I am currently encountering an issue with java heap memory space. I reckon the reason for the same is the enormous size of data processing we are trying to achieve in the java batch utility program of ours.
The java batch program works something grabs a list of data objects from the underlying datastore using the Hibernate OR mapping framework and captures in a List object.
Once it fetches this collection of data objects it starts processing each of them. The business logic is actually working on each of these retrieved data object.
The problem is with number of objects retrieved which is gigantic over 200k. No matter how much ever memory size I try to increase it will always fall short.
the order of processing data objects is not important and we can even process them in parallel as there is no interdependency between two data objects.
I would like to know your thoughts on how the best possible strategy to handle the above mentioned scenario.

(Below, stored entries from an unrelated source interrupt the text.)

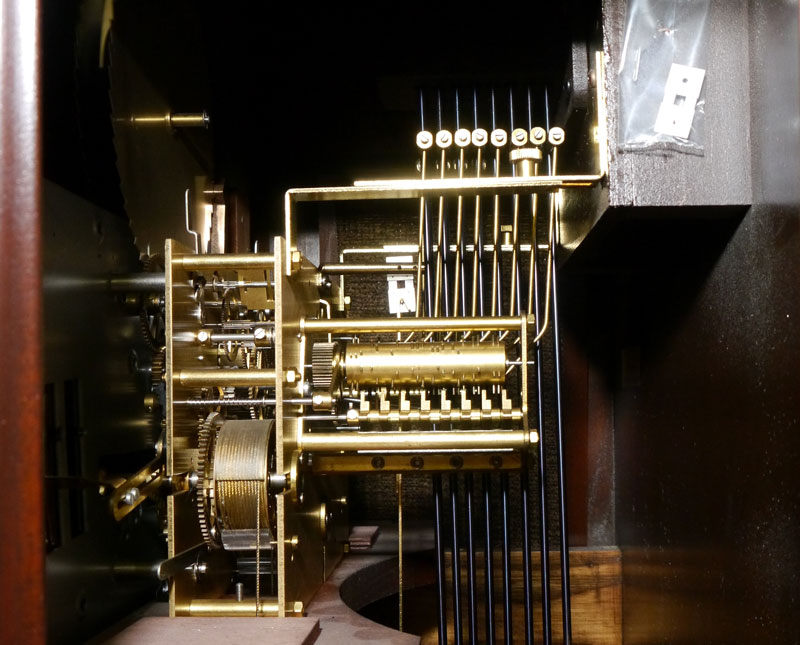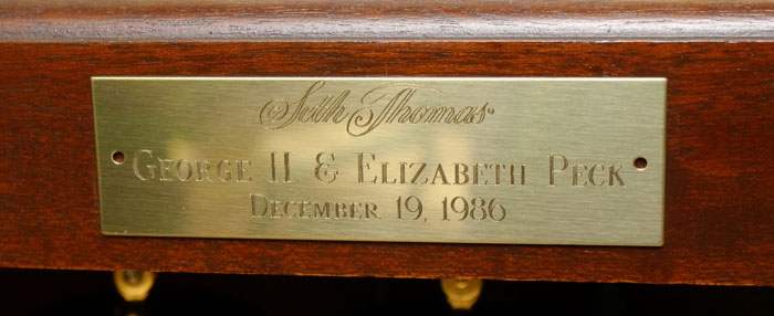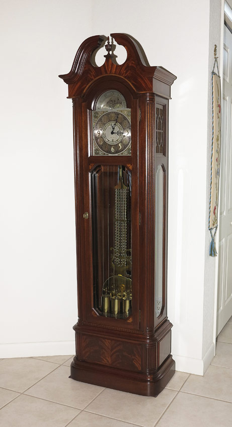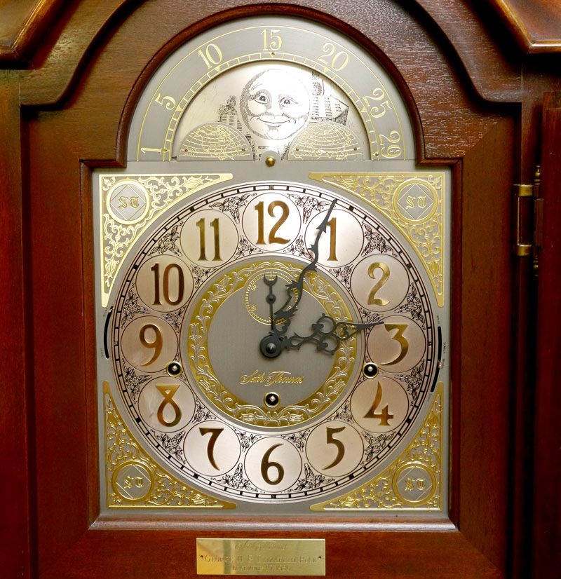 SETH THOMAS MOON PHASE GRANDFATHER CLOCK: Mid 20th century, flame mahogany veneer case. Broken arch pediment with carved finial, mixed metal face with moon phase marked Seth Thomas. Triple chime movement. 84'' h. x 24 1/2'' x 13 3/4''.
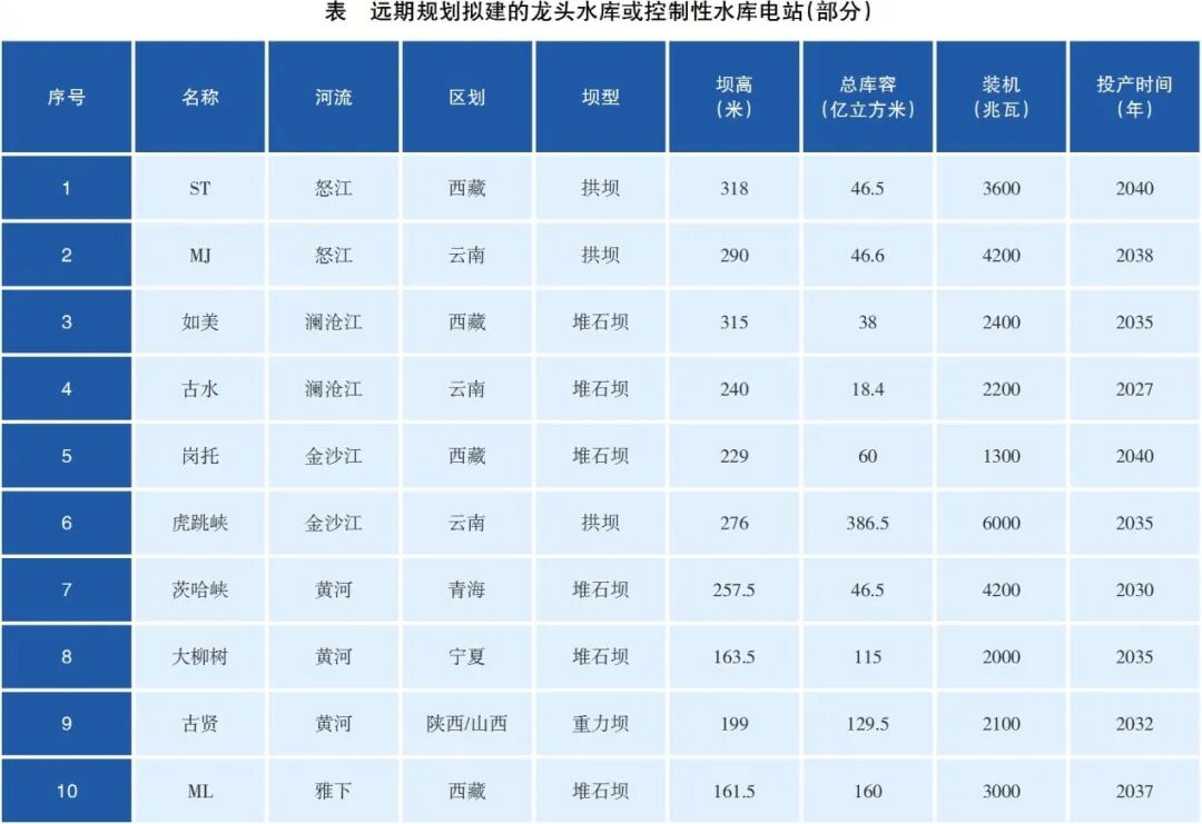 一是積極推動雅魯藏布江下游水電開發(fā),推動西藏清潔能源基地開發(fā)論證;二是加快河流龍頭水庫或控制性水庫建設(見表),增強梯級綜合利用效益;三是推動水電基地升級為更大規(guī)模的水風光儲一體化清潔能源基地,加快流域水風光儲互補開發(fā)規(guī)劃論證,推動水電機組改造和擴機;四是在加快建設抽水蓄能電站的同時,推動梯級水電儲能工廠建設,因地制宜配置新型儲能。
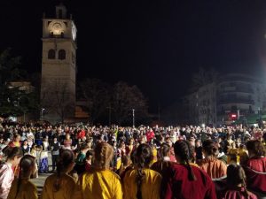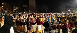 Χορευτές και χορεύτριες των ποντιακών σωματείων του Δήμου Κοζάνης σε τρεις ομόκεντρους κύκλους παρουσίασαν ποντιακούς χορούς και καταχειροκροτήθηκαν από τον κόσμο που τους παρακολουθούσε.
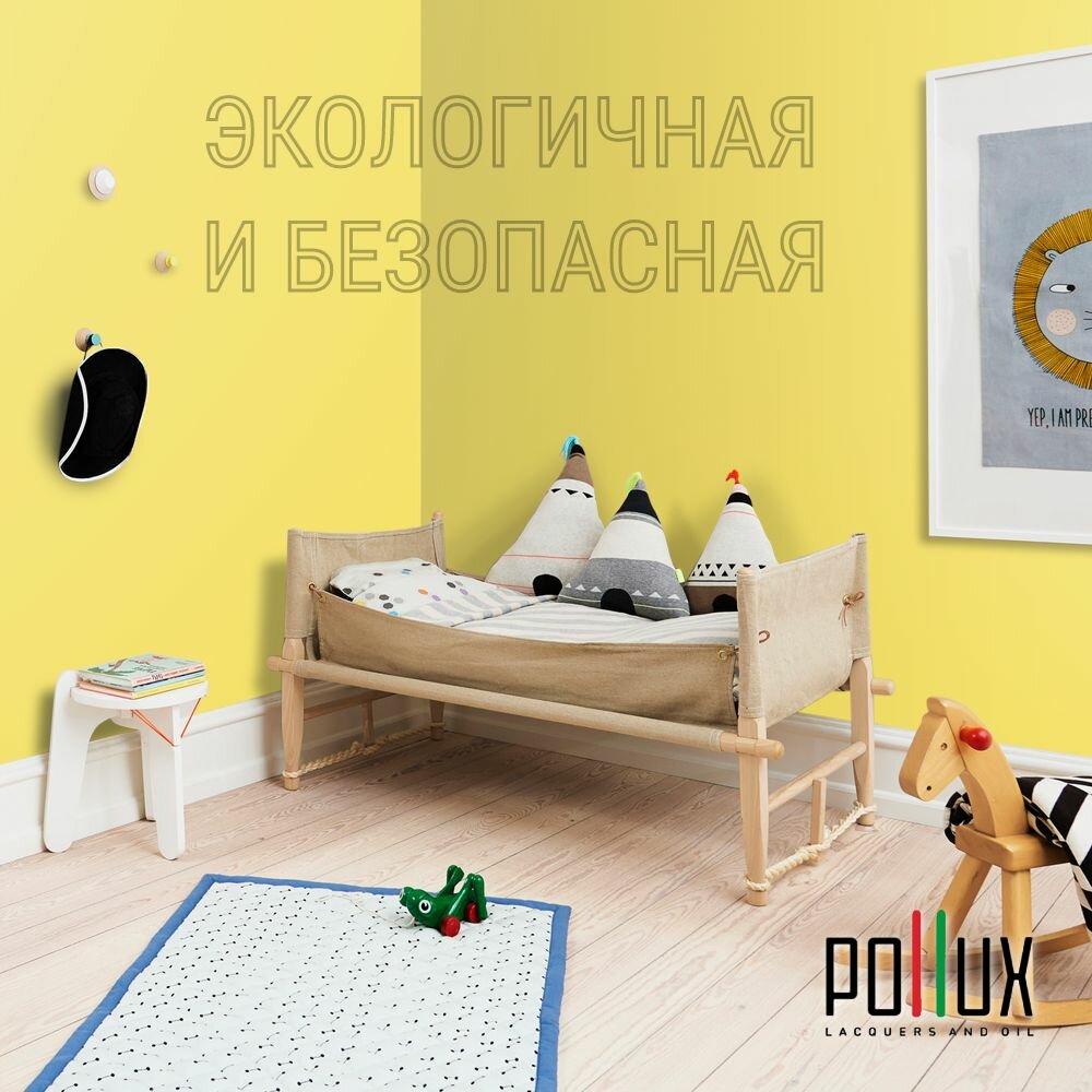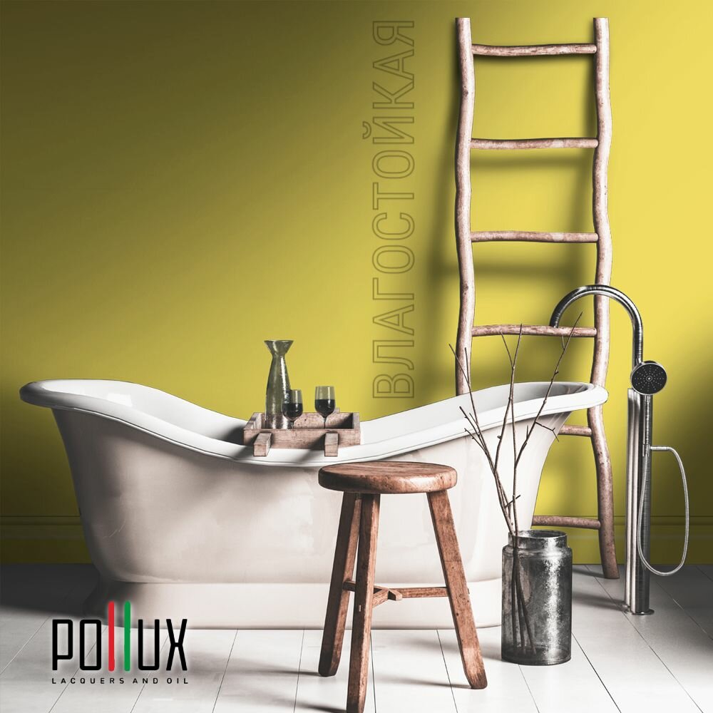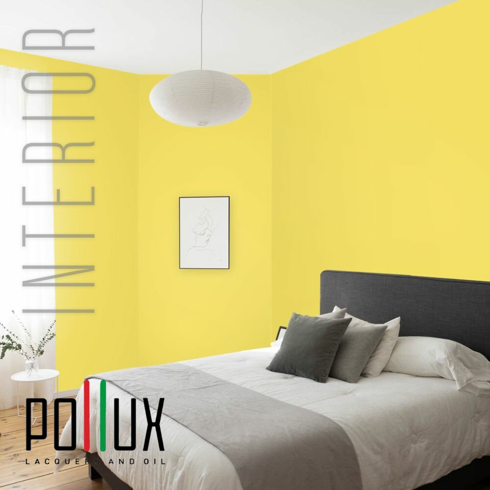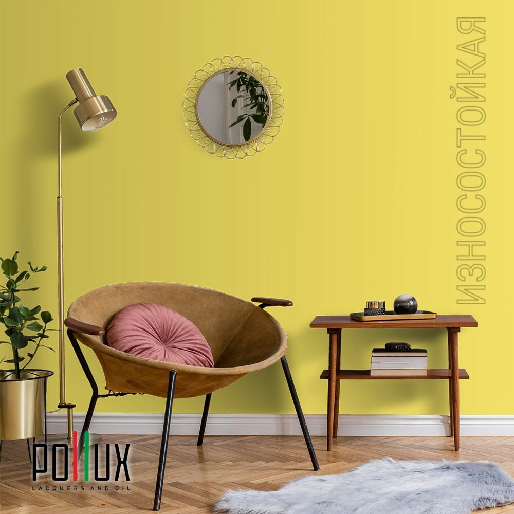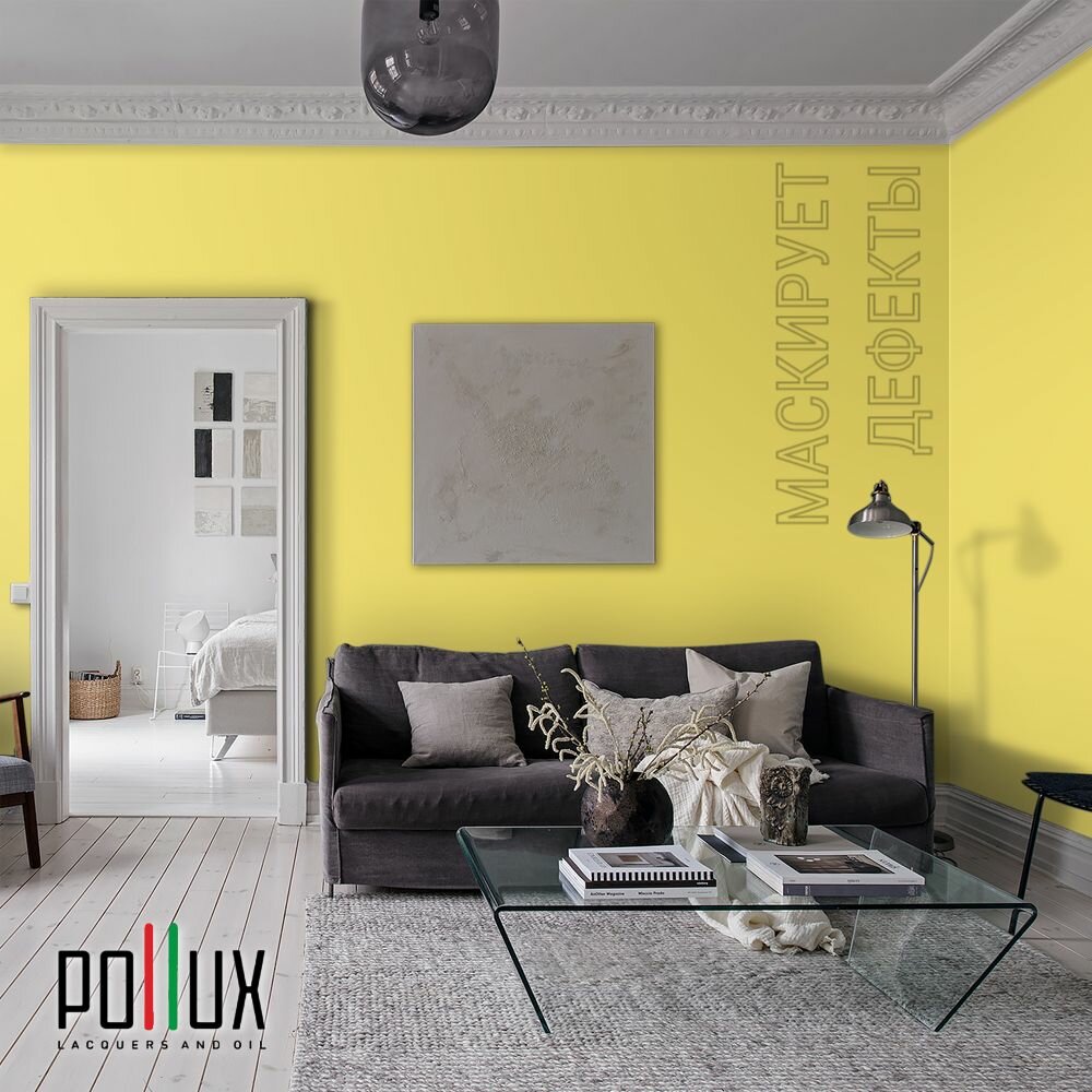 Краска моющаяся интерьерная для стен и потолков, Pollux INTERIOR без запаха, быстросохнущая, акриловая, матовое покрытие, цвет NCS S 1010-G90Y, 1л.

Is it possible to change the way you get your data from the data store? Instead of grabbing all 200K objects at once and then processing them, can you change it to grab 200, or maybe 2,000, process them, and then grab another batch?
Joined: Oct 23, 2003
Are you saying like grab the first 200 data objects, finish the processing and then the grab the next 200 and so on.
There is nothing like this in the current implementation but this would mean incorporating logic to monitor the status of every sub batch (200 data objects) and then fire a fresh request to fetch the subsequent data objects.
Are there any best practices in partitioning/parallel processing which can be leveraged here.
John de Michele
Joined: Mar 09, 2009
Yes, that sounds right. You could probably partition the processing to different threads (~1 per CPU) versus processing serially, which would probably give you a performance boost.